Directions: In the entries that follow, the lines from the line containing "喫茶室の職員割引 職員食堂 お弁当一食300円" up to and including the line containing "Komunikacija je temelj" must be copied exactly, with pictures omitted.

[Extracted records]
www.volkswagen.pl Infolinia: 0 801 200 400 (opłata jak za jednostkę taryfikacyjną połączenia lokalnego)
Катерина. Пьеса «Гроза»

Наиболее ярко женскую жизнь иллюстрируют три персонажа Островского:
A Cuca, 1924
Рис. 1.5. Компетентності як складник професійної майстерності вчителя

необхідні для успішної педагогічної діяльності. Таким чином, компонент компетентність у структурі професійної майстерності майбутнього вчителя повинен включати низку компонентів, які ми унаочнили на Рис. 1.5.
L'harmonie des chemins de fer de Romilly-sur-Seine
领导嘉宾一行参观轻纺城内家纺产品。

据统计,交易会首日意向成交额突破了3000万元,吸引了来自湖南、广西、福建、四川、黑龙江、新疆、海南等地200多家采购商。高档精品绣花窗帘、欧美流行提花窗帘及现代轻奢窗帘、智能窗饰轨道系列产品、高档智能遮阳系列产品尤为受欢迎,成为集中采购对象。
...
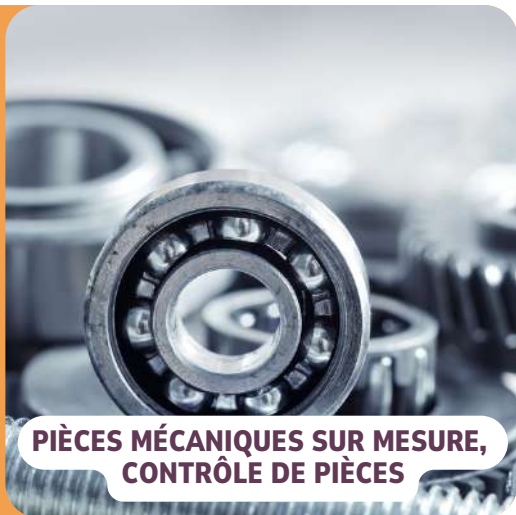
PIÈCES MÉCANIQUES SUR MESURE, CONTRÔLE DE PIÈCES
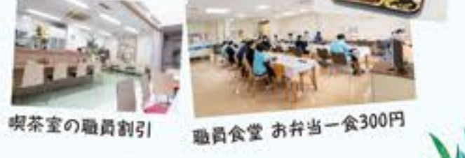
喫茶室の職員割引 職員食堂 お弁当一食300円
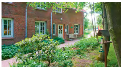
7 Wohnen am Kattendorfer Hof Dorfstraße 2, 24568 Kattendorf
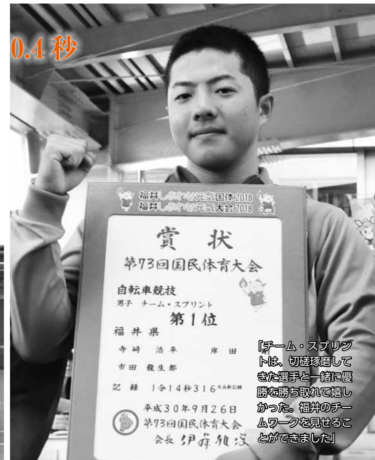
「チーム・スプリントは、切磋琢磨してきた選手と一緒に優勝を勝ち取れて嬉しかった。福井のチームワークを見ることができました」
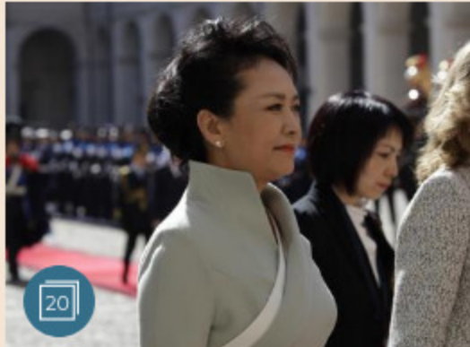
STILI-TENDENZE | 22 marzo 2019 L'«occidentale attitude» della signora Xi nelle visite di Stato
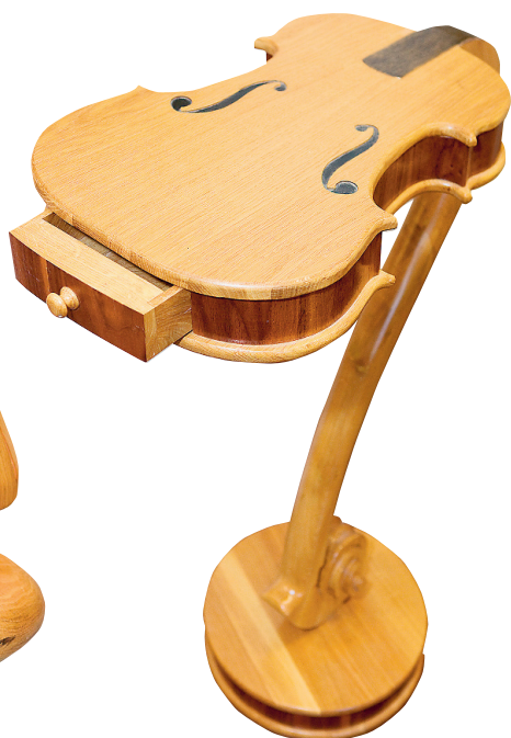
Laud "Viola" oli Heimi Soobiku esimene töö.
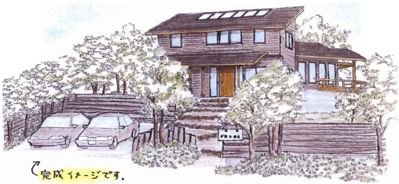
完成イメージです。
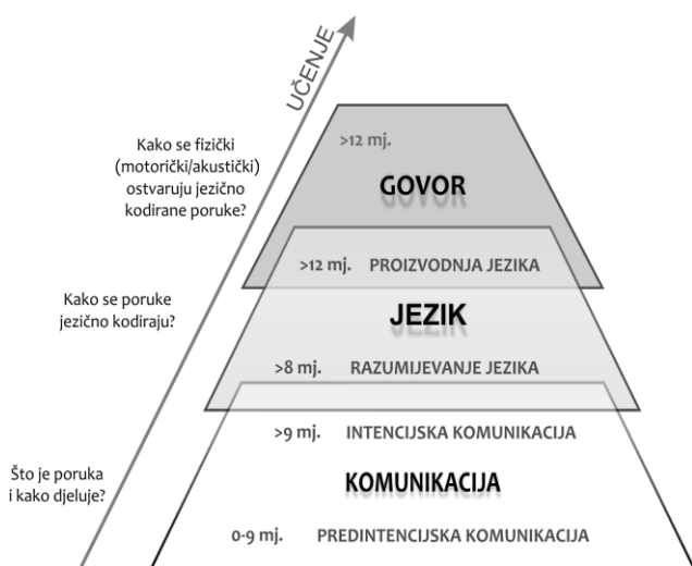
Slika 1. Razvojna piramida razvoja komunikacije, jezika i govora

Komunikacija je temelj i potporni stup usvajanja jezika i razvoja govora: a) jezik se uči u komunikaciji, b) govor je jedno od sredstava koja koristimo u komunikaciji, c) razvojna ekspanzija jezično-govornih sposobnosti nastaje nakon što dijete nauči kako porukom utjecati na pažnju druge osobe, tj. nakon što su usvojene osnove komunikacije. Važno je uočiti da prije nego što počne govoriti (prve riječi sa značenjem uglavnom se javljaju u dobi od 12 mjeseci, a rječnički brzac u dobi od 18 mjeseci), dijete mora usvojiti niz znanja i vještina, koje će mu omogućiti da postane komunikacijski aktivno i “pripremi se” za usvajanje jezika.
* * *
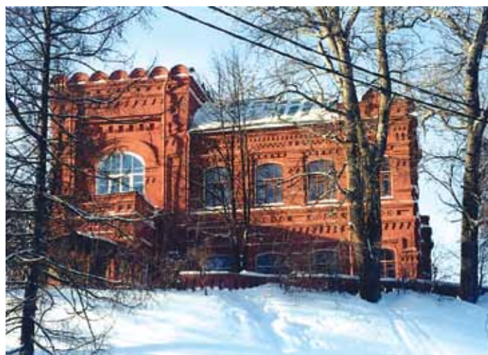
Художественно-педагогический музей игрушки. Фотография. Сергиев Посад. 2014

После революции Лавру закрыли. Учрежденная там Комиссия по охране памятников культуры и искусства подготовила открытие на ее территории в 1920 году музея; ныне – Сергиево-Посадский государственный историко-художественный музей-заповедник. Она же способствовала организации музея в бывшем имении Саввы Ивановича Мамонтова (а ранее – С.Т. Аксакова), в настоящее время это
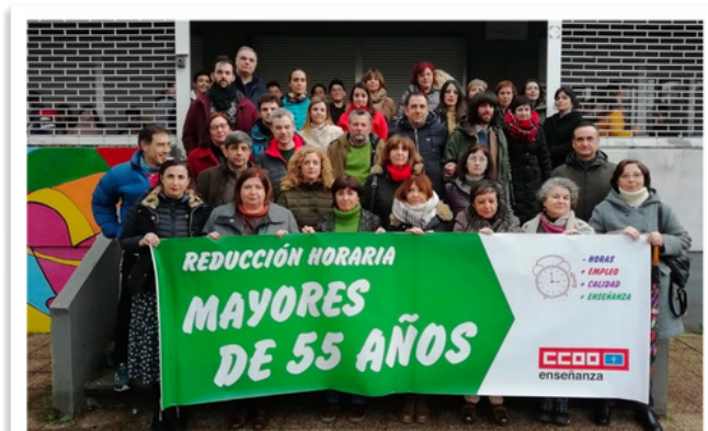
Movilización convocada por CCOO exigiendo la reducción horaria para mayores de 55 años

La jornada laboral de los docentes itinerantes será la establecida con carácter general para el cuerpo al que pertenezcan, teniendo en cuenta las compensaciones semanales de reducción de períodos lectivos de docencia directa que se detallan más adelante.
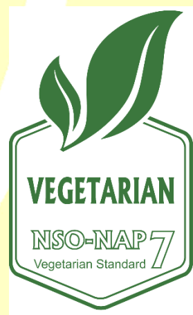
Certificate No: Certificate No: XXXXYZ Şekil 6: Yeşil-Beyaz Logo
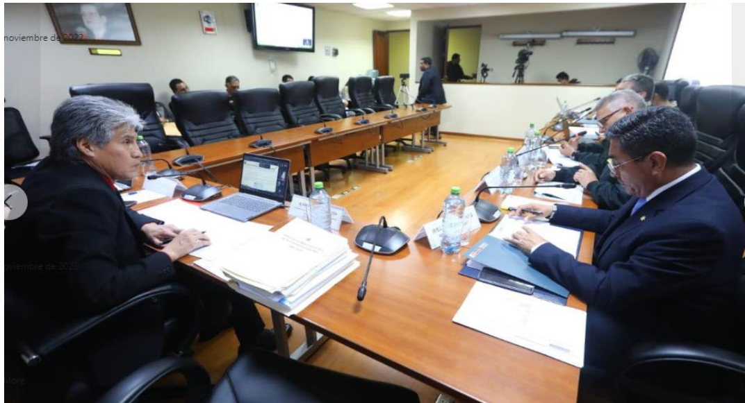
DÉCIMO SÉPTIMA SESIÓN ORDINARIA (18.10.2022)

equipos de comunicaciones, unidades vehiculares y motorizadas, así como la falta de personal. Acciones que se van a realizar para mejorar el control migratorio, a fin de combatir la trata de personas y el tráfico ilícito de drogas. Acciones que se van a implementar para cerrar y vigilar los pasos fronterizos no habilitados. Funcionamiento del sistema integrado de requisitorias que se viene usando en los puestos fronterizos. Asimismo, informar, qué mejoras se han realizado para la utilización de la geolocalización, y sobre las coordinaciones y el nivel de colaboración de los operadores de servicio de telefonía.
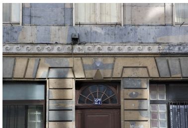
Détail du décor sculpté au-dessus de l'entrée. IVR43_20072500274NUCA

Task answer:
喫茶室の職員割引 職員食堂 お弁当一食300円
7 Wohnen am Kattendorfer Hof Dorfstraße 2, 24568 Kattendorf
「チーム・スプリントは、切磋琢磨してきた選手と一緒に優勝を勝ち取れて嬉しかった。福井のチームワークを見ることができました」
STILI-TENDENZE | 22 marzo 2019 L'«occidentale attitude» della signora Xi nelle visite di Stato
Laud "Viola" oli Heimi Soobiku esimene töö.
完成イメージです。
Slika 1. Razvojna piramida razvoja komunikacije, jezika i govora

Komunikacija je temelj i potporni stup usvajanja jezika i razvoja govora: a) jezik se uči u komunikaciji, b) govor je jedno od sredstava koja koristimo u komunikaciji, c) razvojna ekspanzija jezično-govornih sposobnosti nastaje nakon što dijete nauči kako porukom utjecati na pažnju druge osobe, tj. nakon što su usvojene osnove komunikacije. Važno je uočiti da prije nego što počne govoriti (prve riječi sa značenjem uglavnom se javljaju u dobi od 12 mjeseci, a rječnički brzac u dobi od 18 mjeseci), dijete mora usvojiti niz znanja i vještina, koje će mu omogućiti da postane komunikacijski aktivno i “pripremi se” za usvajanje jezika.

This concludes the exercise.